Most companies compile annual reports for their business, and they then provide that information to investors and decision makers in the company. Essentially, the annual report provides the company a method of benchmarking successes and failures for their fiscal year. Cattle producers should be doing the same thing as it relates to production data and financial health of the operation.
As for the year 2020, most companies, farmers, and government agencies could title their annual report “The Year of Coronavirus,” because much of the revenues and expenses will have been impacted by the COVID-19 pandemic. Despite this fact, it is still useful to take a few minutes to review the 2020 cattle market. The purpose of reviewing the cattle market for a cattle producer is to quickly analyze the successes and failures of the year with the hope of trying to improve next year’s decision making and marketing plan.
Probably the best place to start from a cattle producer standpoint is the finished cattle market and then work back to the calf market since prices feed backwards through the supply chain. The finished cattle market has been everything but seasonal in 2020. The highest prices for finished cattle during a year tend to occur during the spring months when grilling season is beginning and when finished cattle weights are near their annual lows. However, the peak price for 2020 through the first ten months of the year occurred during January when the 5-area weekly weighted average price traded between $124 and $125 per hundredweight the entire month. Prices then declined into the middle of March and were below $109 before bouncing back to $119 and then quickly collapsing under $97. This seesaw pattern has persisted through October.
The feeder cattle market (700 pounds and heavier) has been equally tough to predict. Tennessee weekly auction average prices had 700 to 800-pound steers trading over $130 in January, but prices dipped below $110 per hundredweight during the onset of the pandemic. The price of 700 to 800-pound steers in Tennessee has slowly crept back near the $130 mark. The calf market has not been as sporadic, but it has definitely been a disappointment in 2020. Calf prices (500 to 600- pound steers) started the year with a $10 per hundredweight increase from January to late February as grass cattle buying started, but they peaked at $150 per hundredweight, which was $10 lower than expectations at the beginning of the year. The market then dropped below $130 in just a few weeks before recovering and trading on either side of $140 per hundredweight for most of the spring, summer, and early fall.

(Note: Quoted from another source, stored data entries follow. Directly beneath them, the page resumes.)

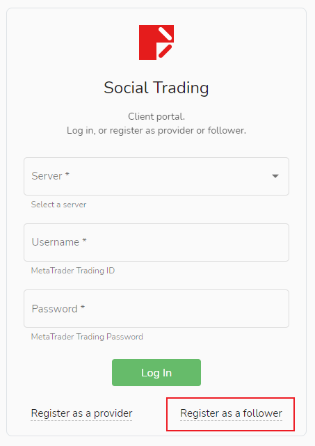 - server:Select a server (please note, CopyTrading currently supports MT4-Live1, MT4-Live3, MT4-Live4, MT4-Live5 and MT4-Live6 server accounts)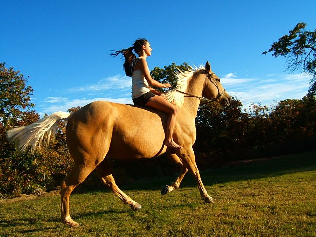 Me riding stallion Riva bareback after swimminghe-he, wet horsey!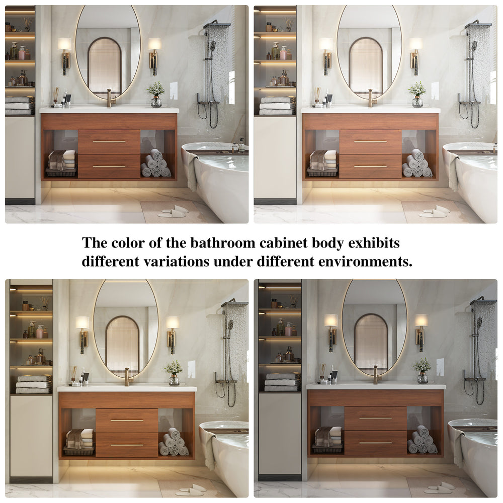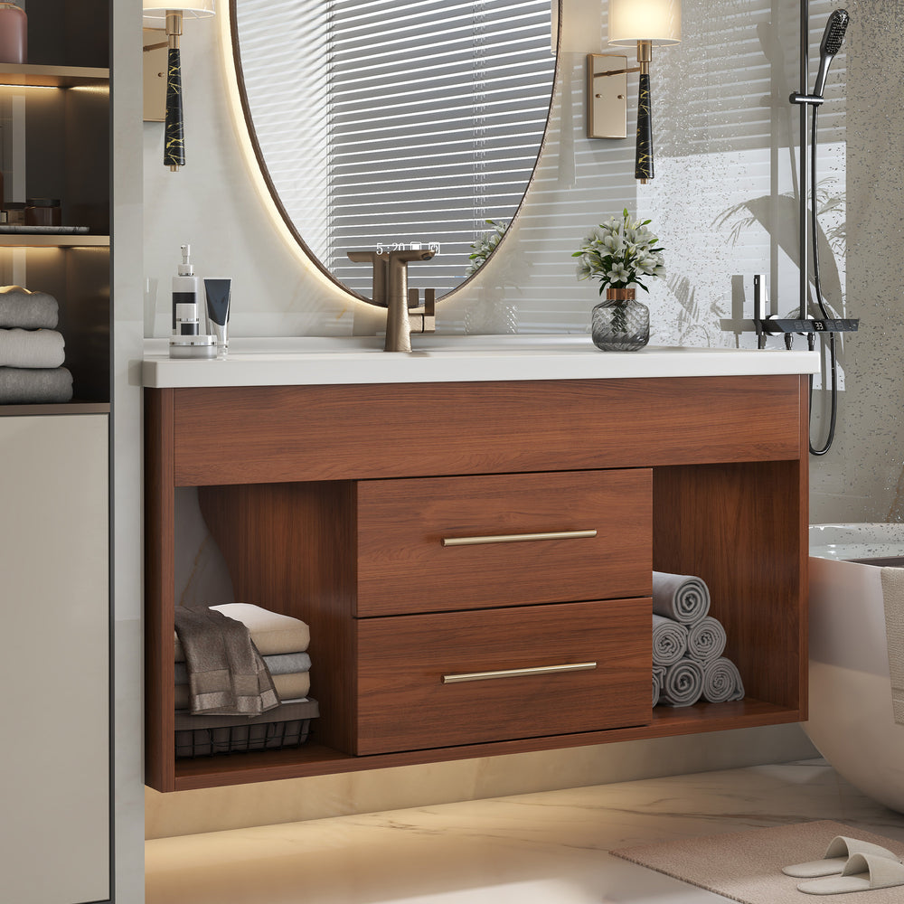 Modern bathroom vanity features an integrated ceramic undermount sink for hygienic, easy cleaning, durable moisture-resistant multilayer solid wood build, and flexible storage with soft-close drawers plus open shelves. Oil rubbed bronze handles complement farmhouse and mid-century styles, ideal for bathroom organization.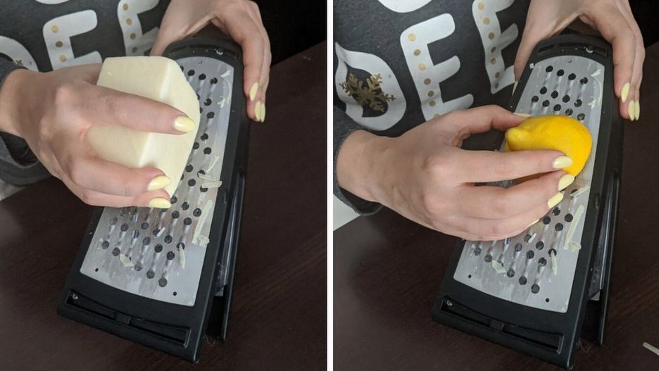 Po starciu sera nie musisz męczyć się z czyszczeniem zabrudzonej tarki. Do tego triku wystarczy Ci połówka cytryny. Po zakończonym czyszczeniu, przemyj tarkę pod ciepłą wodą. Będzie wyglądać jak nowa!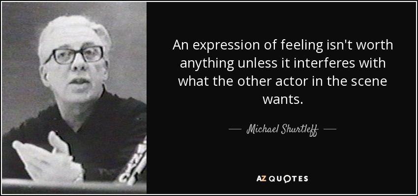 An expression of feeling isn't worth anything unless it interferes with what the other actor in the scene wants.
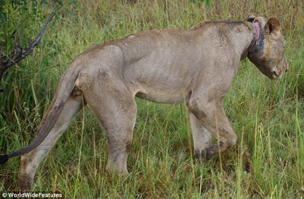 由于铁丝缠绕太紧,这头狮子已经无法进食,它将注定死于感染或者饥饿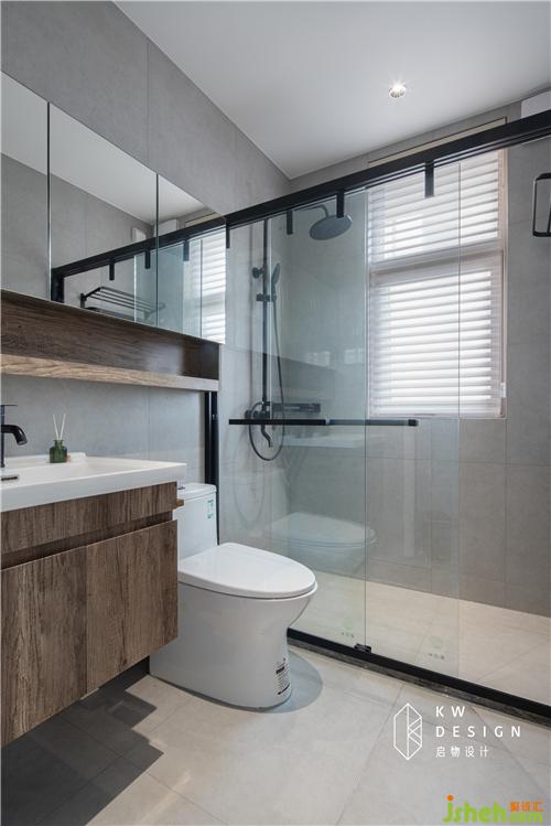 衛(wèi)生間干濕分離,整體整潔利落。同時采用木質(zhì)柜體,百葉窗,暖色照明燈等增添洗浴空間的溫馨放松之感。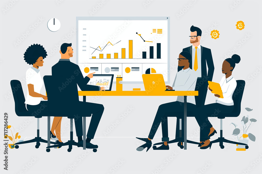 Fotografía Illustration of a financial review meeting with advisors and clients, Flat illus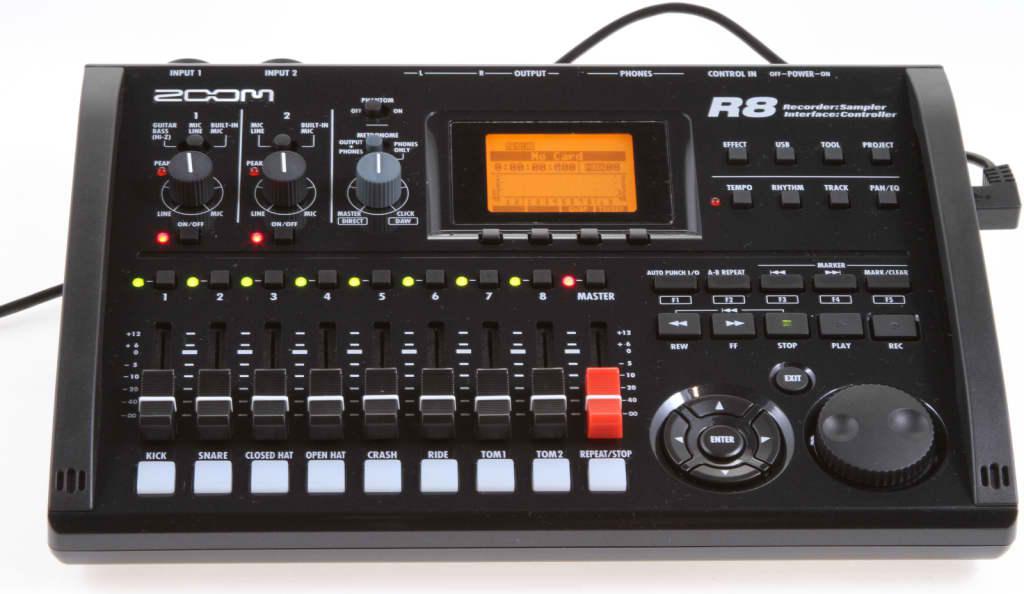 Zoom создал функционально идентичную модель рекордера R24 компактного размера. Как и его предшественник, R8 сочетает в себе четыре устройства в одном. В дополнение к 8-полосному рекордеру, с использованием карты памяти SD, R8 – это аудио интерфейс, контроллер для управления ПО и пэд-семплер.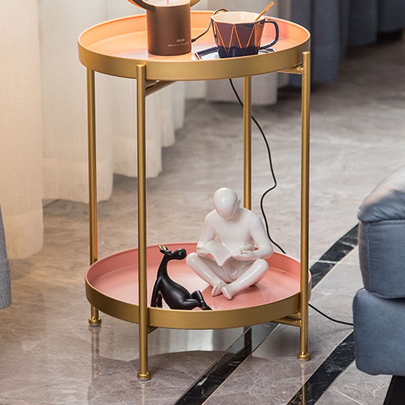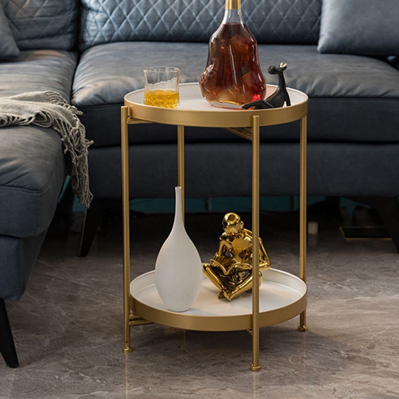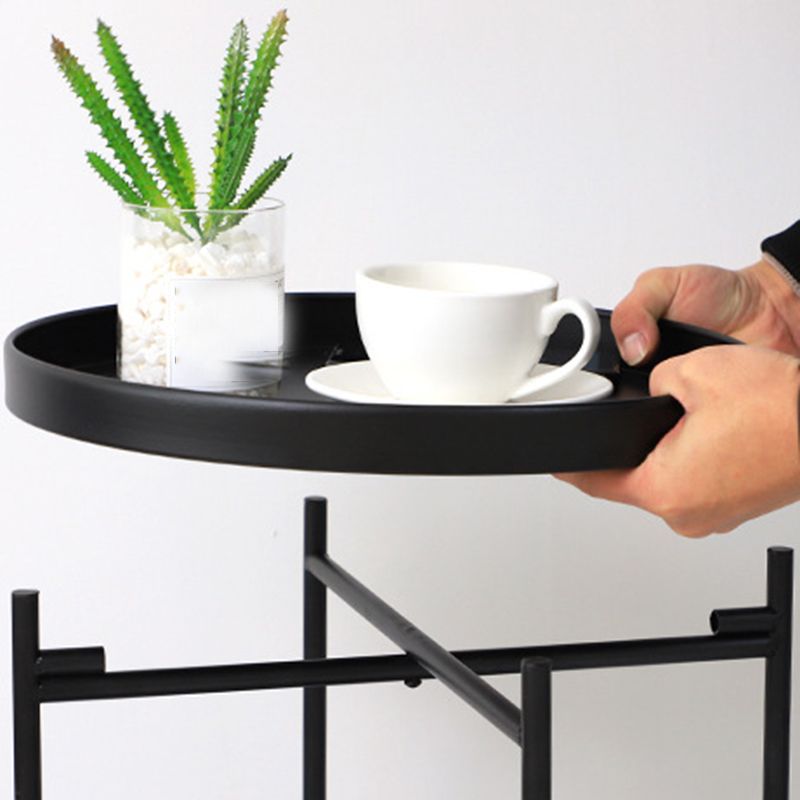 Mid-Century Tray Top End Table 20.3" Tall Iron Round Side Table with Shelf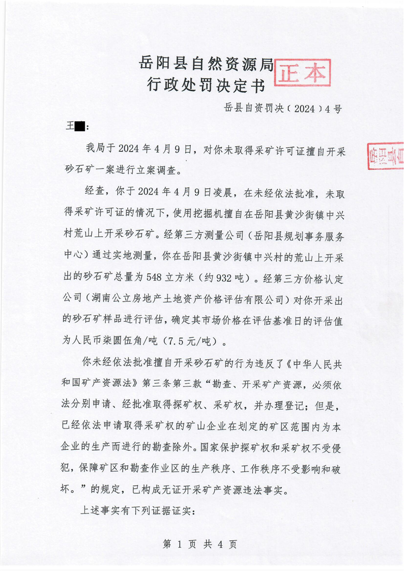 行政处罚决定书 岳县自然资罚决〔2024〕第4号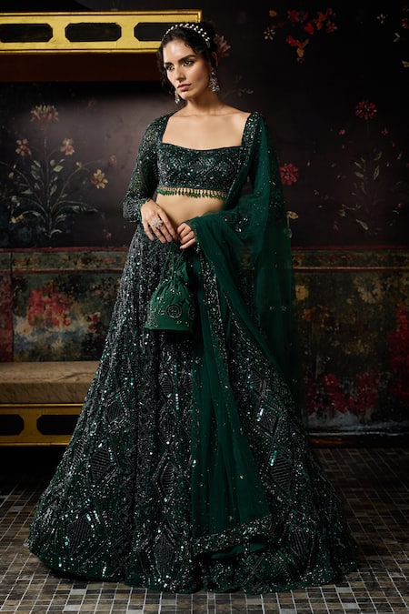 Emerald green embellished blouse with full sleeves and a square neckline. Paired with an embellished lehenga and an embroidered dupatta, complemented by a matching potli bag.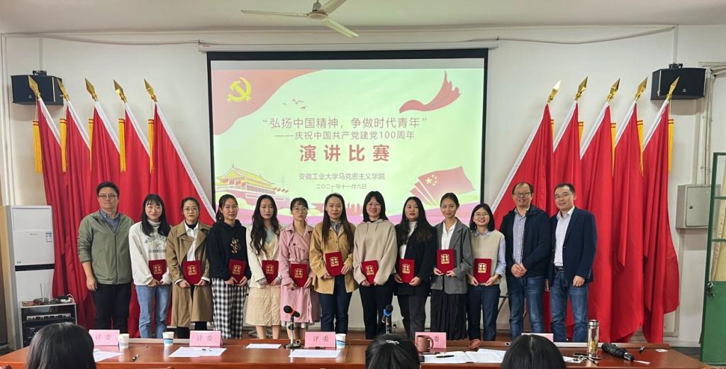 举行了“弘扬中国精神,争做时代新人”研究生党史学习教育演讲比赛,本次比赛邀请了校学生工作处卫军帅老师、校团委葛琎老师等担任评委,马克思主义理论专业全体研究生参加和观看了比赛。

The one other market that was important for most cattle producers in Tennessee and across cow-calf country was the slaughter cow market. The slaughter cow market, similar to the other markets discussed, has not been a seasonal market either. However, it has actually been strong compared to the other markets. Slaughter cow prices in Tennessee have been above 2019 prices every week of the year. The market has offered producers several weeks of trade over $60 per hundredweight. It is tough to beat selling a 1,200-pound slaughter cow for more than $700 per head. She was probably worth more than her weanling heifer this year.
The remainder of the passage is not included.